This is the codification used in the ACM Journal on Autonomous Transportation Systems (Special Issue on Cybersecurity and Resiliency for Transportation Cyber-Physical Systems) paper proposing RAMPART framework as a novel defense method against adversarial poisoning attacks in cooperative multiagent reinforcement learning (CMARL) algorithms in autonomous transportation. You are free to use all or part of the codes here presented for any purpose, provided that the paper is properly cited and the original authors properly credited. All the files here shared come with no warranties.

This project was built on Python 3.8. All the experiments are executed in the private payload delivery network (PPD) architecture, we included the version we used in the Main/PP_environment folder. For the graph generation code you will need to install Jupyter Notebook (http://jupyter.readthedocs.io/en/latest/install.html).

Abstract

In the field of multi-agent autonomous transportation, such as automated payload delivery or highway on-ramp merging, agents routinely exchange knowledge to optimize their shared objective and adapt to environmental novelties through Cooperative Multi-Agent Reinforcement Learning (CMARL) algorithms. This knowledge exchange between agents allows these systems to operate efficiently and adapt to dynamic environments. However, this cooperative learning process is susceptible to adversarial poisoning attacks, as highlighted by contemporary research. Particularly, the poisoning attacks where malicious agents inject deceptive information camouflaged within the differential noise, a pivotal element for differential privacy (DP)-based CMARL algorithms, pose formidable challenges to identify and overcome.
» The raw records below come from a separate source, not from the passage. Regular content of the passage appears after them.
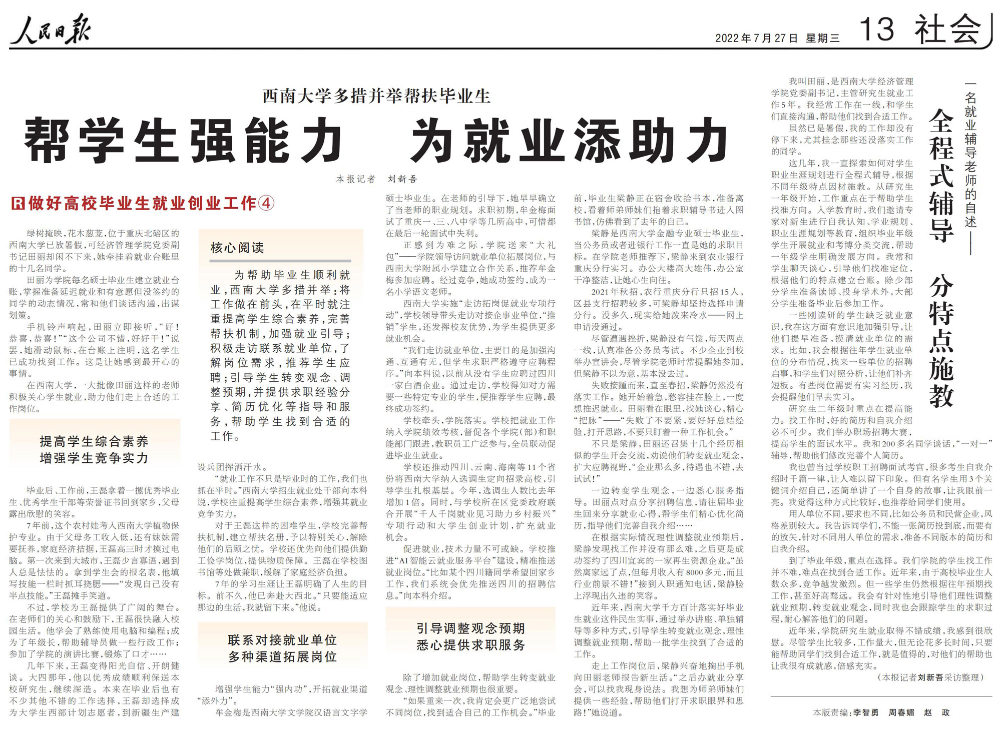 2022年7月27日《人民日报》第13版,以《帮学生强能力 为就业添助力——西南大学多措并举帮扶毕业生》《全程式辅导 分特点施教——一名就业辅导老师的自述》为题报道点赞西南大学做好高校毕业生就业创业工作,半个版数千字浓缩了师生为就业创业共同努力的奋斗历程,展现了学校教育战线将立德树人扎根融入日常工作的众多感人瞬间,诠释了一所大学从育人、助人到成人的教育理念和使命担当。将工作做在前头,将台账摆在案头,将学生记在心头,西南大学就业工作同育人工作紧密链接,以全员全过程全方位育人格局为学生就业创业保驾护航,人民日报的点赞更加激发了全体教师员工干事创业信心,提振了广大学子担当作为精神,全文报道如下:
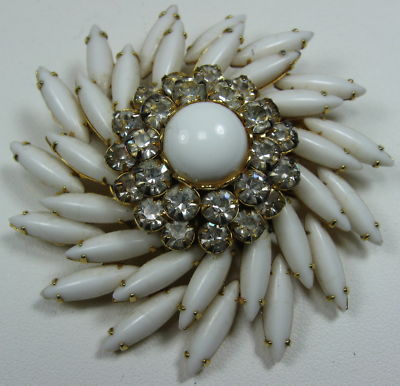 Vintage Judy Lee Milk Glass Clear Rhinestone Brooch Pin
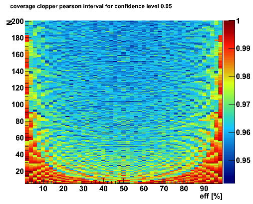 The following pictures illustrate the actual coverage probability for the different values of the true efficiency and the total number of events when a confidence level of 95% is desired.
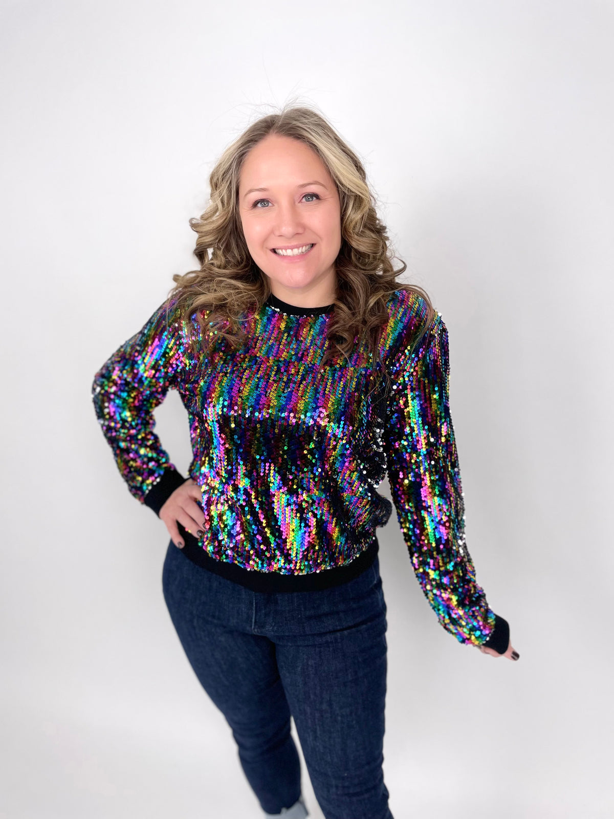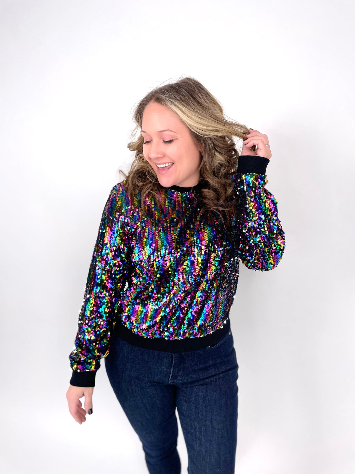 Live life on the edge with this beautifully crafted sequin pullover top! This top is perfect for when you want to light up the room. Features include long sleeves, elastic cuffs, and a colorful sequin design. Show off your glam style for holiday festivities, a fancy occasion, or a fun night out!
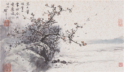 馮先生還和夫人在每年結婚紀念日時一起作畫,“我們去年過了綠寶石婚,結婚55周年。每到結婚紀念日,都是我們倆人畫一幅,畫一對小鳥。早在六七十年代最艱苦的時候就開始了,因為我夫人也是畫畫的,我們那時一起畫了一對小鳥在風雪里,那幅畫我現在還有。后來我們一直畫鳥,風景在不斷地變化,這和我們對生活的感受有很大的關系。”
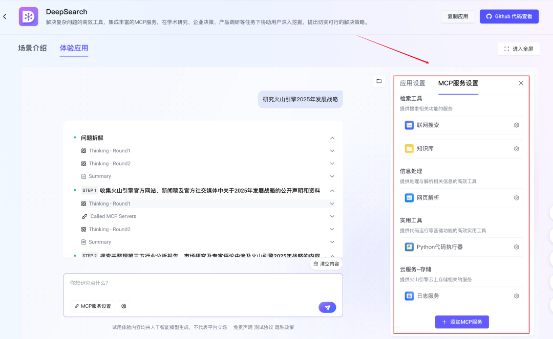 链接在这里: https://github.com/volcengine/ai-app-lab/tree/main/demohouse/deep_search_mcp/backend

The consequences of not addressing this issue are far-reaching, potentially jeopardizing safety-critical operations and the integrity of data privacy in these applications. Existing research has strived to develop anomaly detection-based defense models to counteract conventional poisoning methods. Nonetheless, the recurring necessity for model offloading and retraining with labeled anomalous data undermines their practicality, considering the inherently dynamic nature of the safety-critical autonomous transportation applications. Further, it is imperative to maintain data privacy, ensure high performance, and adapt to environmental changes. Motivated by these challenges, this paper introduces a novel defense mechanism against stealthy adversarial poisoning attacks in the autonomous transportation domain, termed Reinforcing Autonomous Multi-agent Protection through Adversarial Resistance in Transportation (RAMPART). Leveraging a GAN model at each local node, RAMPART effectively filters out malicious advice in an unsupervised manner, whilst generating synthetic samples for each state-action pair to accommodate environmental uncertainties and eliminate the need for labeled training data. Our extensive experimental analysis, conducted in a Private Payload Delivery Network (PPDN) —a common application in the autonomous multi-agent transportation domain—demonstrates that \textbf{RAMPART successfully defends against a DP-exploited poisoning attack with a $30%$ attack ratio, achieving an F1 score of $0.852$ and accuracy of $96.3%$ in heavy-traffic environments}.

Files

The folder Main contains our implementation of all algorithms and experiments

The folder Main/PP_environment contains the PPDN environment we used for experiments

Finally, the folder ProcessedFiles contains already processed files for graph printing and data visualization

How to use

First, install python 3.8 from https://www.python.org/downloads/release/python-380/
Then open up your command terminal/prompt to run the following commands sequentially

  1. python RandomInit.py G N O E L Nw
  2. python RAMPART_main.py G N O E L Nw Ap D S M Et gl ge gE gaD

where,
G: Grid Height and Width (N x N)
N: number of agents
O: number of obstacles
E: Total Episode
L: number of times the code will run as a loop
Nw: Neighbor weights [0,1]

Ap: Attack Percentage [0,100]
D: Display environment [on, off]
S: Sleep (sec)
M: Play mode [random, static]
Et: Environment type [low, medium, heavy]
gl: GAN loss threshold [0,1]
ge: GAN training epoch
gE: GAN training Episode
gaD: GAN anomaly detection threshold [0,1]


Example:
python RandomInit.py 15 20 5 2000 10 0.90
python RAMPART_main.py 15 20 5 2000 10 0.90 20 on 2 random heavy 0.95 1000 100 0.8



However, it might take a long time until all the experiments are completed. It may be of interest to run more than one algorithm at the same time if you have enough computing power. Also, note that, for each framework, if the AVs do not attain goal within (GridSize*100) steps in a particular episode, the episode and environment will be reset to the next.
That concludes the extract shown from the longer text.